Authorities investigating possible fraud by a longtime GOP operative have determined that the House Republican campaign committee has lost a substantial sum of money, and several GOP lawmakers believe funds were pilfered from their campaign accounts as well, law enforcement and Capitol Hill sources said yesterday.

The National Republican Congressional Committee, the House Republicans' campaign arm, lost a "significant amount of money," said a law enforcement official who also confirmed that the FBI has begun investigating the committee's longtime treasurer, Christopher J. Ward.

An official close to the NRCC said preliminary reviews of its bank statements and reports to the Federal Election Commission demonstrate clear discrepancies between "what [money] we have and what we should have."

"We don't know if it's a big number or a small number," the official said. "It looks like something was stolen. But we don't have an accurate number. We don't know."

Ward has served as treasurer for dozens of other campaigns and political action committees during a lengthy career as a political operative. He was fired in late January after the committee discovered that no independent audits of the organization's books had been performed since 2003.

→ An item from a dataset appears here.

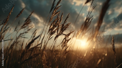 Sunlit Field of Tall Grass Under Dramatic Sky at Sunset with Cloudy Atmosphere and Warm Color Palette
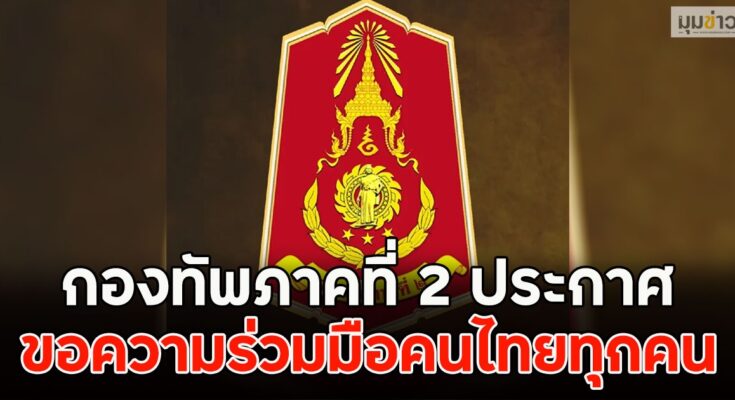 กองทัพภาคที่ 2 ประกาศ ขอความร่วมมือคนไทยทุกคน

The committee announced that it had asked the FBI to investigate and, in a statement, said the "irregularities" uncovered after its own audit "may include fraud."

Ronald C. Machen, an attorney for Ward, did not return a telephone call or respond to an e-mail seeking comment yesterday evening.

Rep. Mike Conaway (R-Tex.), head of the NRCC's auditing subcommittee, said yesterday that he has spoken with several lawmakers who said their political committees were victimized as well. He declined to name those lawmakers but said they are conducting similarly intensive financial reviews to determine how much money might be missing.

Yesterday, NRCC aides declined to comment on the status of the FBI investigation or whether Republicans had determined if money was inappropriately diverted out of campaign accounts.

Covington & Burling, the outside law firm hired by the NRCC to conduct its investigation, has brought on the accounting firm PricewaterhouseCoopers to determine precisely how the situation unfolded.

Lawmakers and aides have said the committee's investigation revolves around Ward, who worked for the committee for several years and was treasurer from 2003 until September 2007. He subsequently worked for the committee as a contractor and was paid through his own firm, C.J. Ward & Co.

Conaway, a certified public accountant, said he had demanded that Ward set up a meeting with a team of outside auditors who, Ward had told officials, had been reviewing NRCC books . On the day of the meeting was scheduled, Conaway said, the committee learned that no such auditing team had existed since 2003, the year that Ward was named treasurer.